Task item:
Write out every record exactly as it appears. Skip the pictures.

(Records from a dataset)

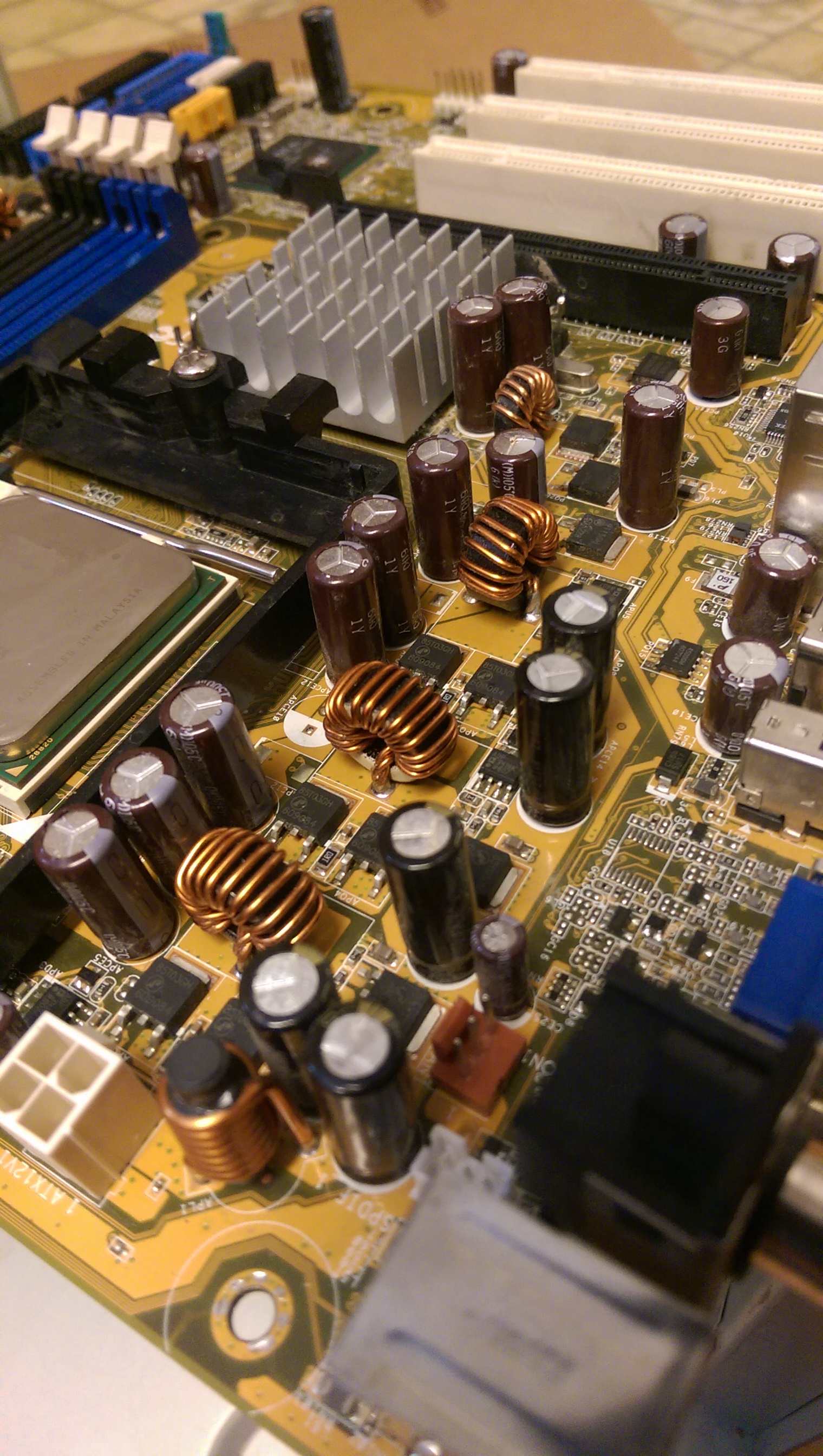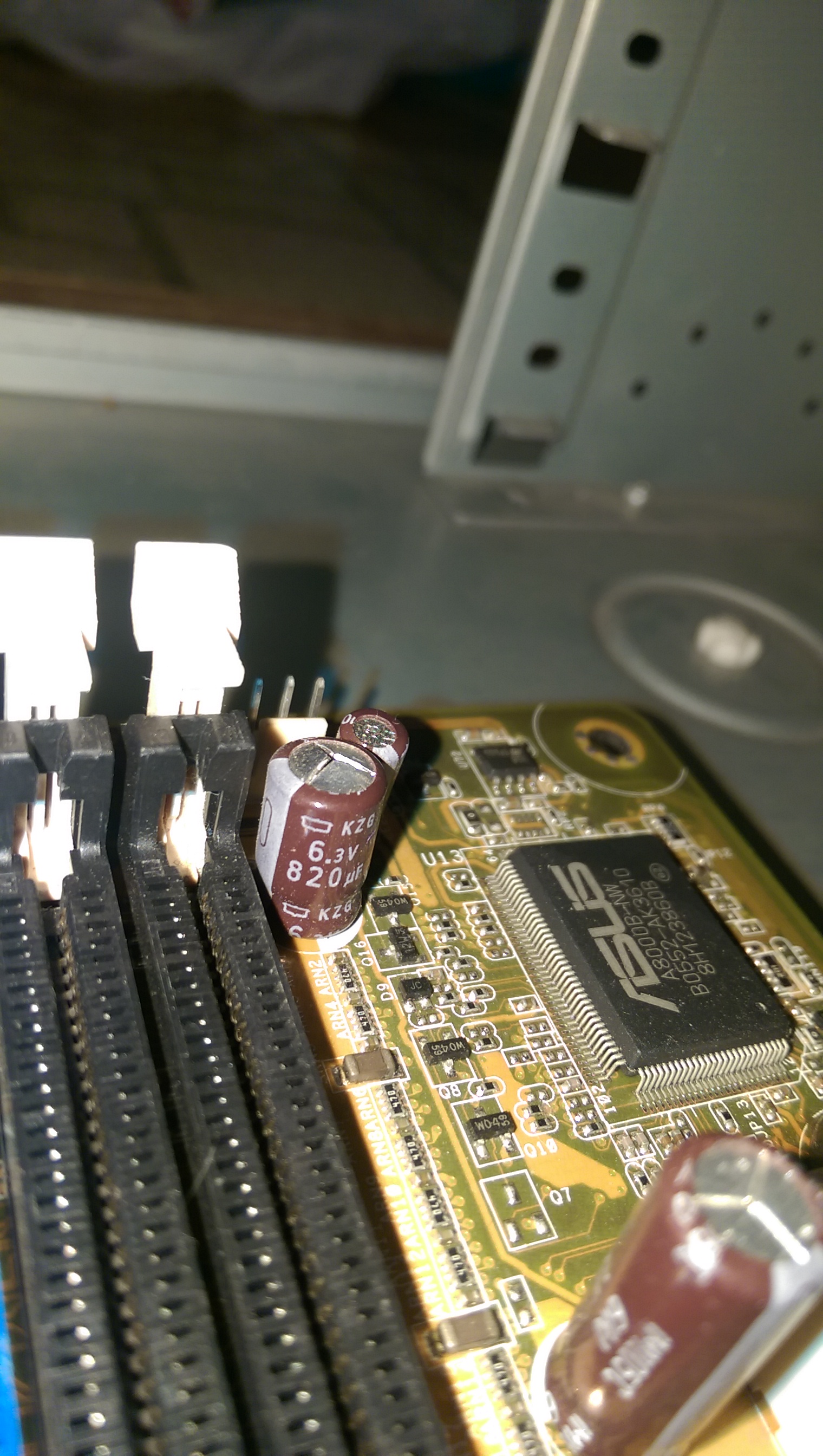 Now several 6.3V 820uF have burst or bulged & it won't POST, so I'm going to recap all 25 remaining KZGs, which I've read on Badcaps have high failure rates, maybe especially in high heat applications (a tight desktop case in a dusty shop, yep it's warm, even with a slot fan)...any remaining large caps are Panasonic.
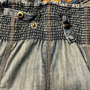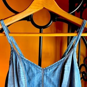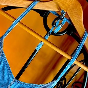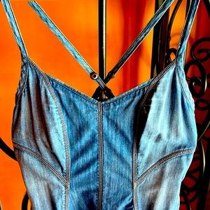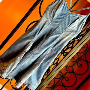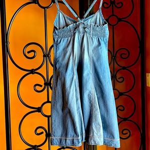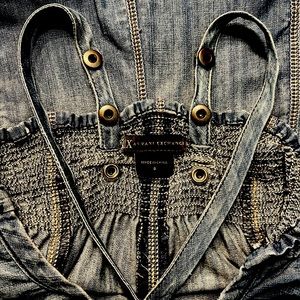 EUC Pretty ARMANI EXCHANGE A/X Denim dress with stitching and subtle distress details. The fabric and fit are amazing. Thin straps with three gun metal toned snaps on each strap making it easier to adjust to a halter, criss cross or straight strap look (see pictures). Elastic on back with side zipper on left side. Bottom flows, very chic. 100% Cotton. Should you have any questions, please do not hesitate to ask. Thank you for visiting my closet. 💐
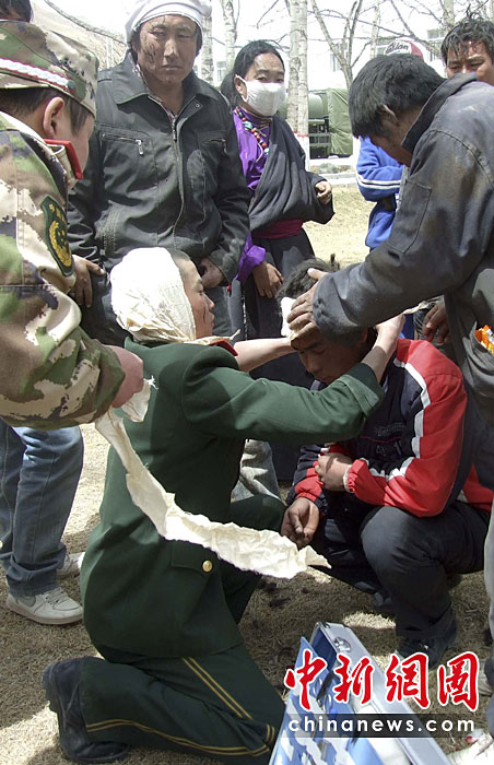 圖為4月14日15時,武警玉樹支隊駐地,一名在地震中受傷的武警戰(zhàn)士救治當?shù)厥軅癖。中新社發(fā) 李恩權 攝
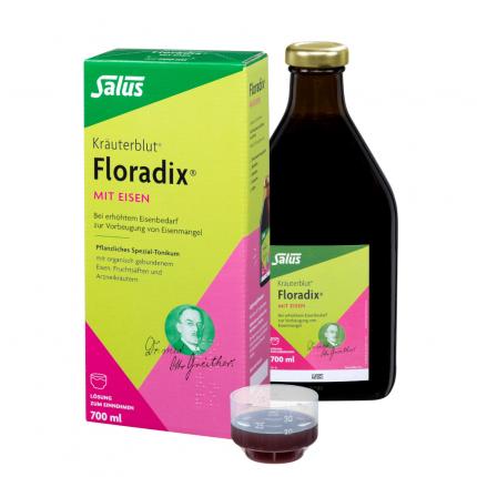 Floradix mit Eisen ist eine Lösung zum Einnehmen bei erhöhtem Eisenbedarf. Sie enthält Eisen(II)-gluconat, das gut aufgenommen wird, und trägt zur normalen Bildung von roten Blutkörperchen, Hämoglobin sowie zum normalen Sauerstofftransport und Energiestoffwechsel bei.
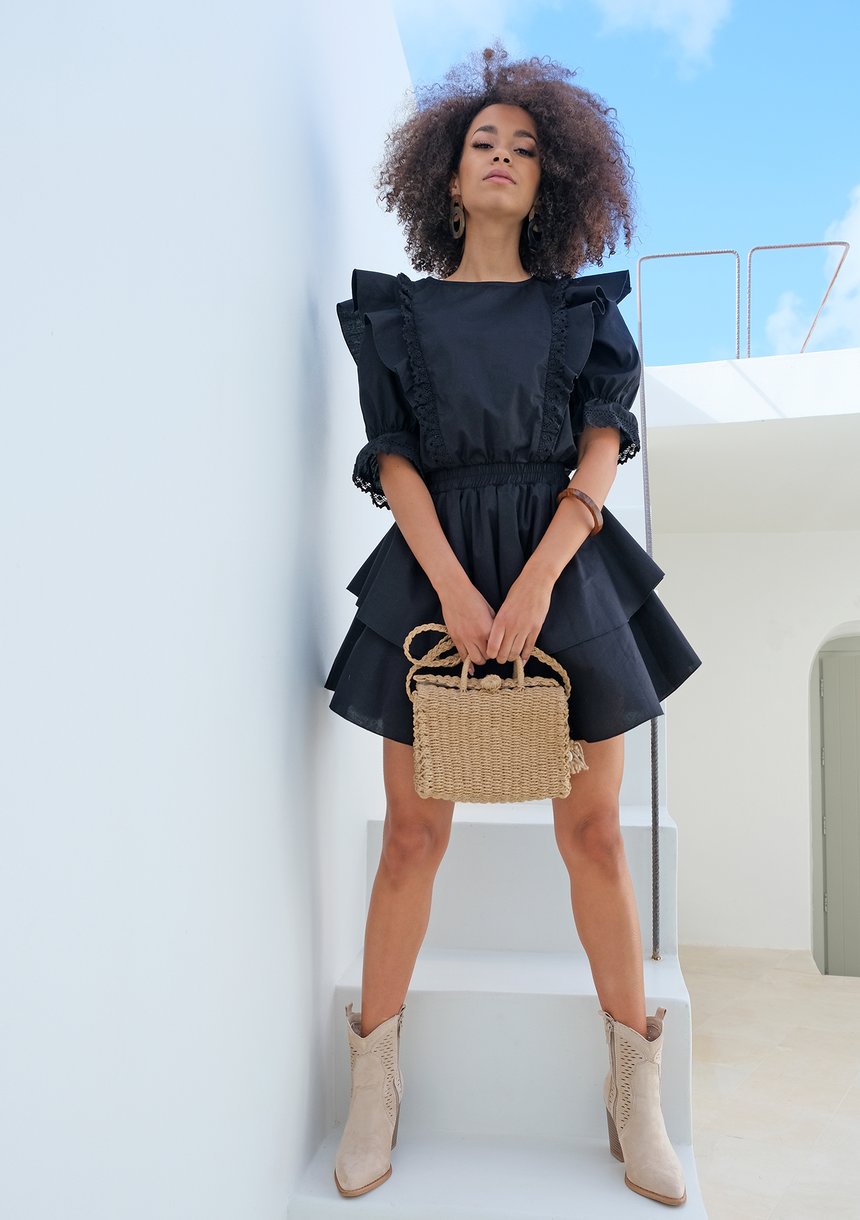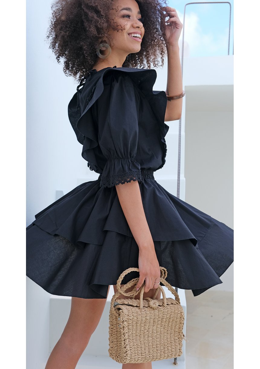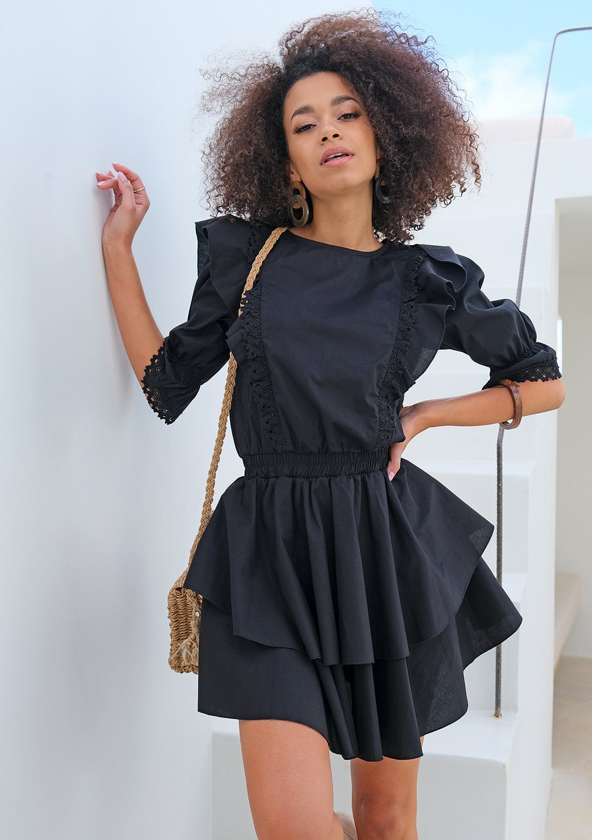 BLACK POPLIN DRESS WITH FRILLS AND LACE

Response box:
 Now several 6.3V 820uF have burst or bulged & it won't POST, so I'm going to recap all 25 remaining KZGs, which I've read on Badcaps have high failure rates, maybe especially in high heat applications (a tight desktop case in a dusty shop, yep it's warm, even with a slot fan)...any remaining large caps are Panasonic.
 EUC Pretty ARMANI EXCHANGE A/X Denim dress with stitching and subtle distress details. The fabric and fit are amazing. Thin straps with three gun metal toned snaps on each strap making it easier to adjust to a halter, criss cross or straight strap look (see pictures). Elastic on back with side zipper on left side. Bottom flows, very chic. 100% Cotton. Should you have any questions, please do not hesitate to ask. Thank you for visiting my closet. 💐
 圖為4月14日15時,武警玉樹支隊駐地,一名在地震中受傷的武警戰(zhàn)士救治當?shù)厥軅癖。中新社發(fā) 李恩權 攝
 Floradix mit Eisen ist eine Lösung zum Einnehmen bei erhöhtem Eisenbedarf. Sie enthält Eisen(II)-gluconat, das gut aufgenommen wird, und trägt zur normalen Bildung von roten Blutkörperchen, Hämoglobin sowie zum normalen Sauerstofftransport und Energiestoffwechsel bei.
 BLACK POPLIN DRESS WITH FRILLS AND LACE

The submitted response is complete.